==== Records shown
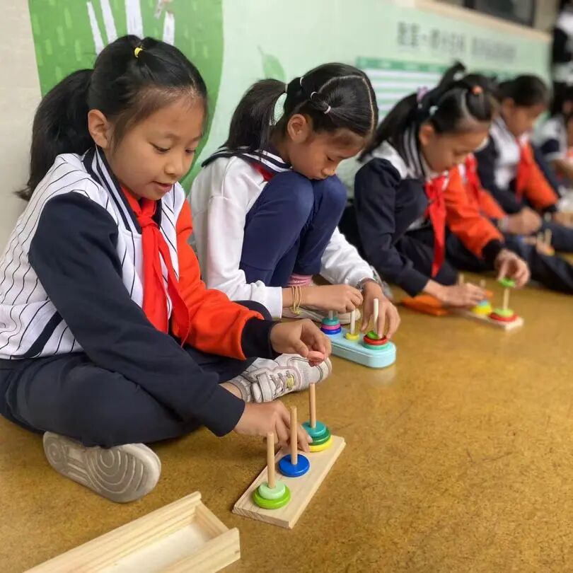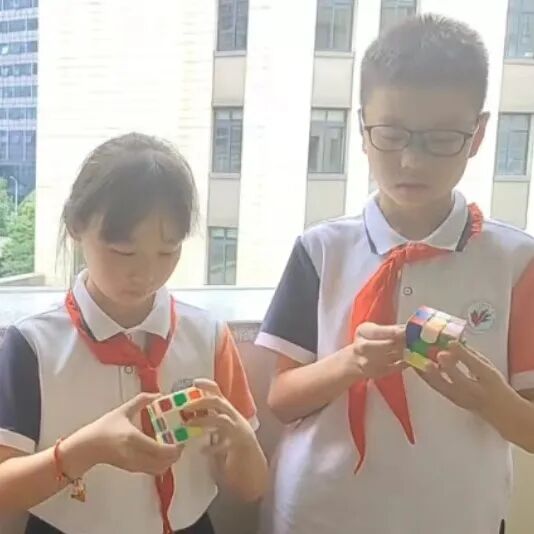 有些班级把知识也融入到课间游戏中,同学们玩起了益智类游戏,汉诺塔、“跳房子”、多米诺骨牌、数字七巧板、巧解九连环、巧算24点等等……玩转魔方也是深受同学的欢迎!
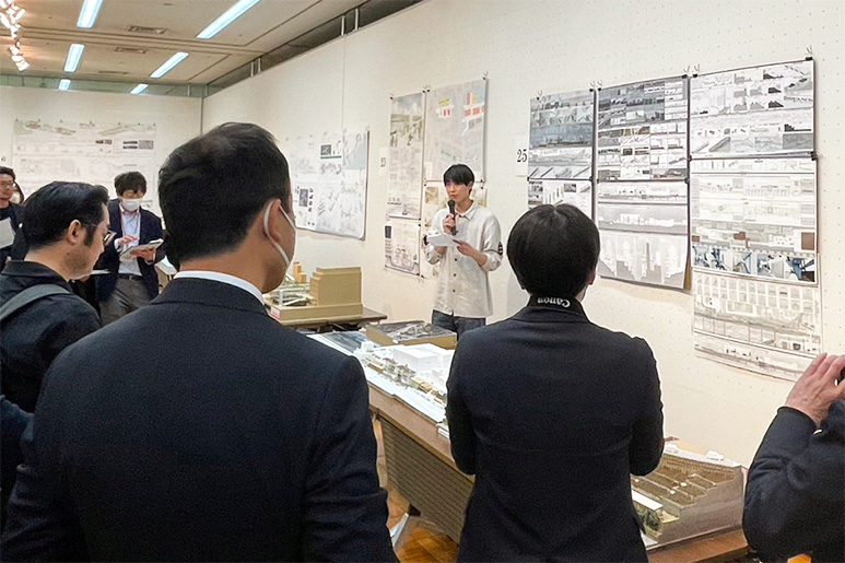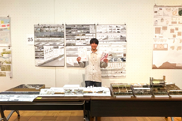 各大学を代表する作品、先生方集まるなかで、この賞を頂けたことたいへん嬉しく思います。審査員をはじめ多くの方と意見交換ができたことはとても貴重な経験になりました。沿線上に広がる風景が想像でき良かったとコメントを頂き、これからも社会問題に対して様々な視点から解決方法を考え、今にはない風景を作り出していきたいです。ご指導頂いた冨永先生、卒制期間支えてくださった先輩、後輩に改めてお礼申し上げます。この経験を糧にこれからも精進していきたいと思います。
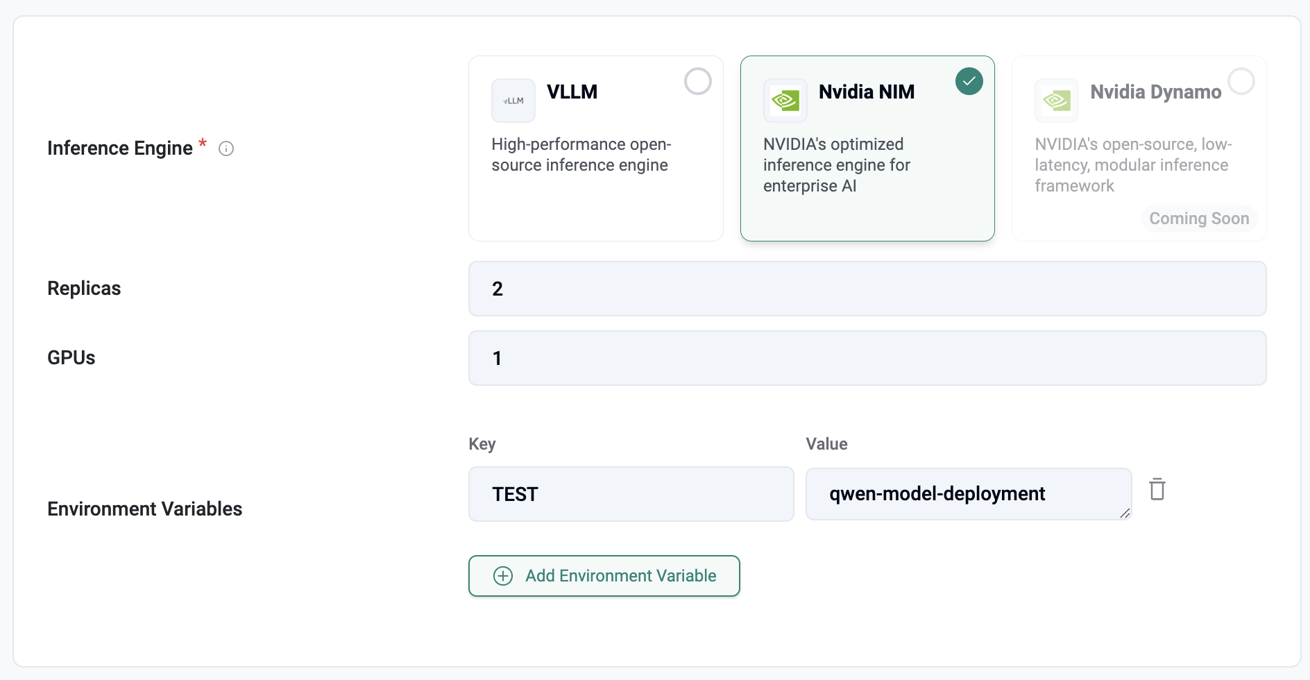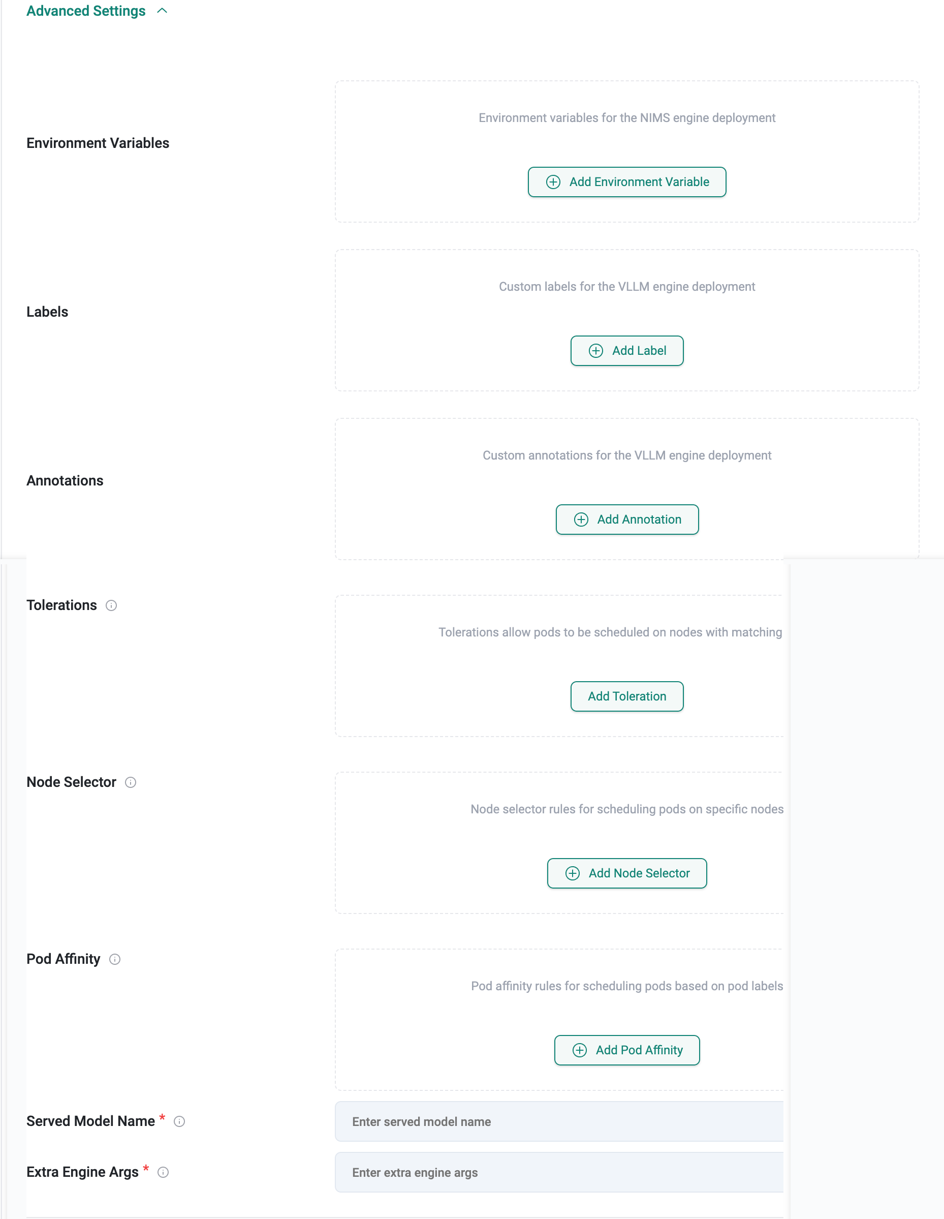 Admins can also fine tune/optimize the vLLM inference engine by providing "custom environment variables". For example, vLLM's environment variable's documentation is available here
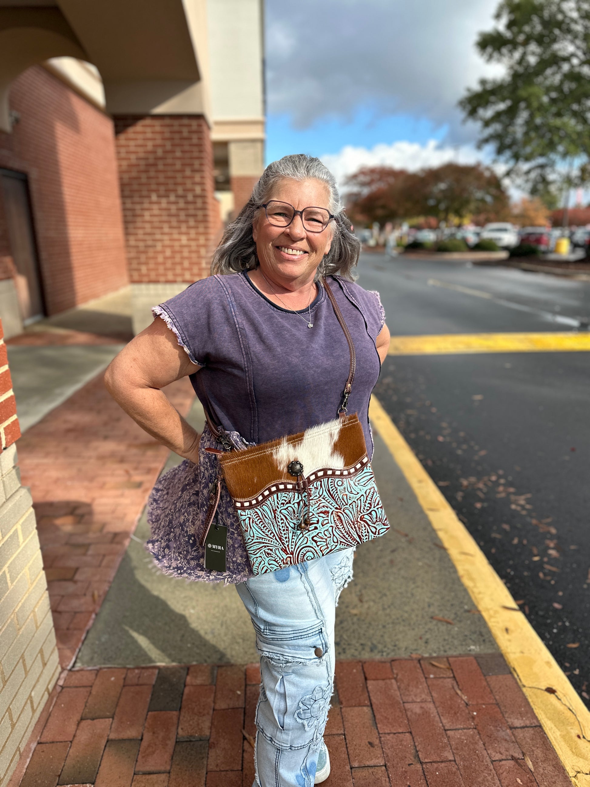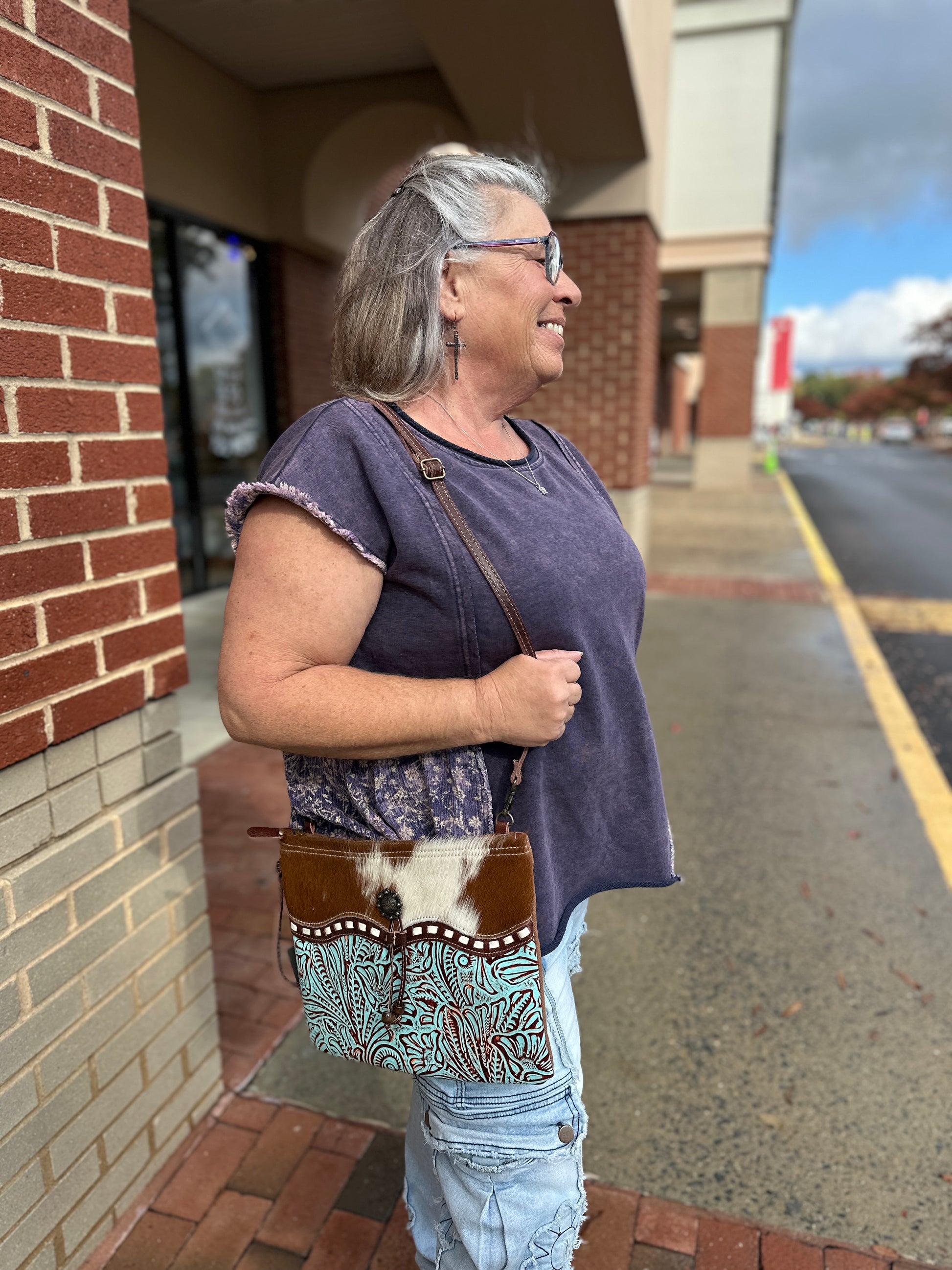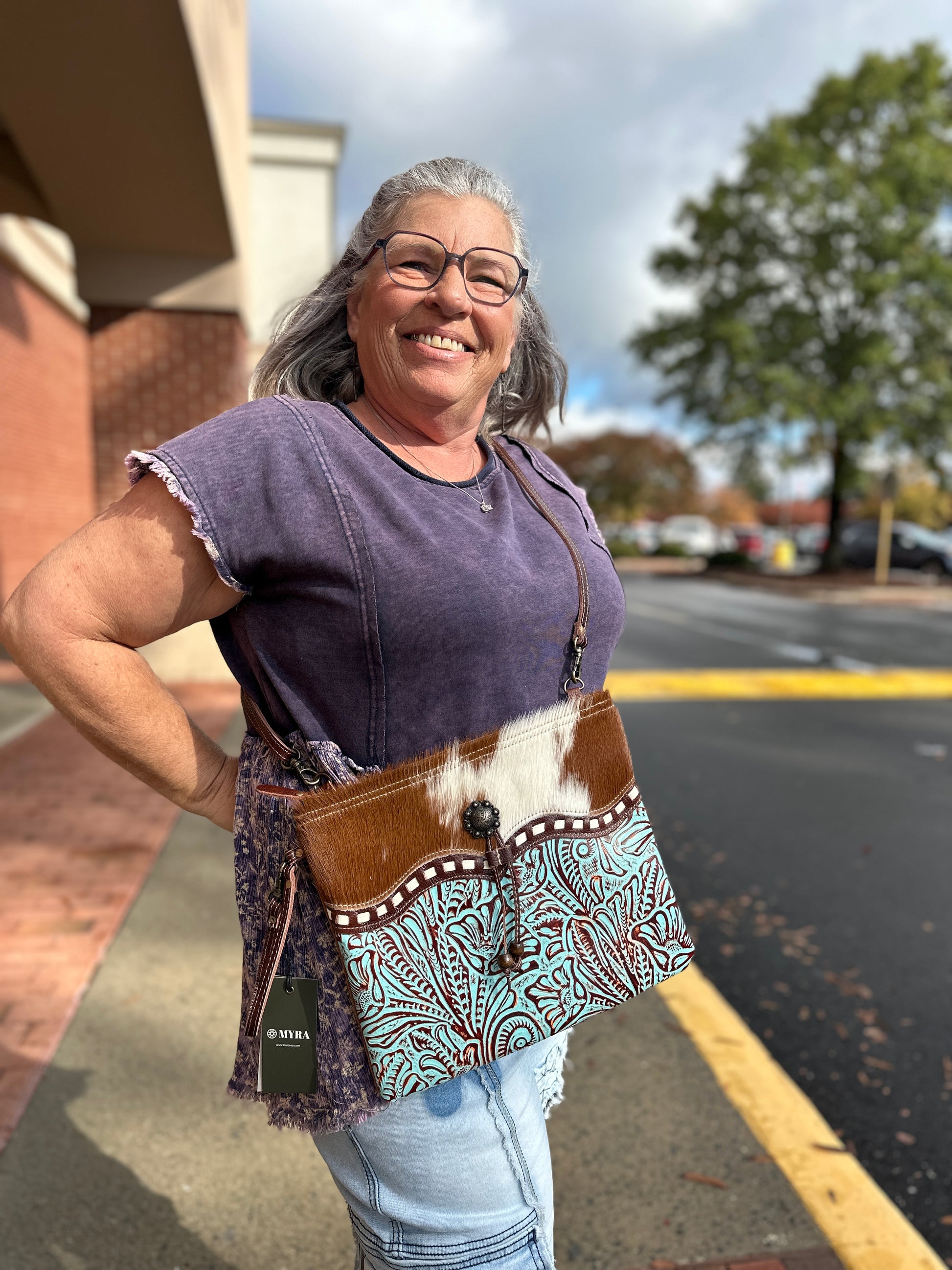 Carry effortless style with this hand tooled crossbody that brings authentic western charm to your everyday look. The striking turquoise leather and intricate tooled details create a one-of-a-kind piece that transforms any outfit from ordinary to extraordinary.
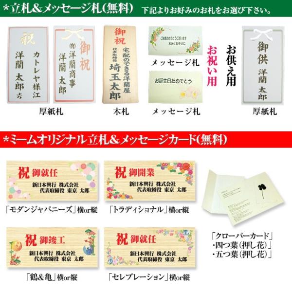 *ご用途: 開店・開業祝い、開院・開局祝い、上棟・竣工祝い、新築祝い、就任・栄転・昇進祝い、優勝祝い、受章・受賞祝い、上場祝い、当選祝い、記念日・周年祝い、結婚祝い、公演・楽屋見舞いなど。
========
◆ What this task involves: Give again exactly the lines from the one holding "Carry effortless style" to the final line of the records, both ends included; any pictures stay out.

◆ Written response:
 Carry effortless style with this hand tooled crossbody that brings authentic western charm to your everyday look. The striking turquoise leather and intricate tooled details create a one-of-a-kind piece that transforms any outfit from ordinary to extraordinary.
 *ご用途: 開店・開業祝い、開院・開局祝い、上棟・竣工祝い、新築祝い、就任・栄転・昇進祝い、優勝祝い、受章・受賞祝い、上場祝い、当選祝い、記念日・周年祝い、結婚祝い、公演・楽屋見舞いなど。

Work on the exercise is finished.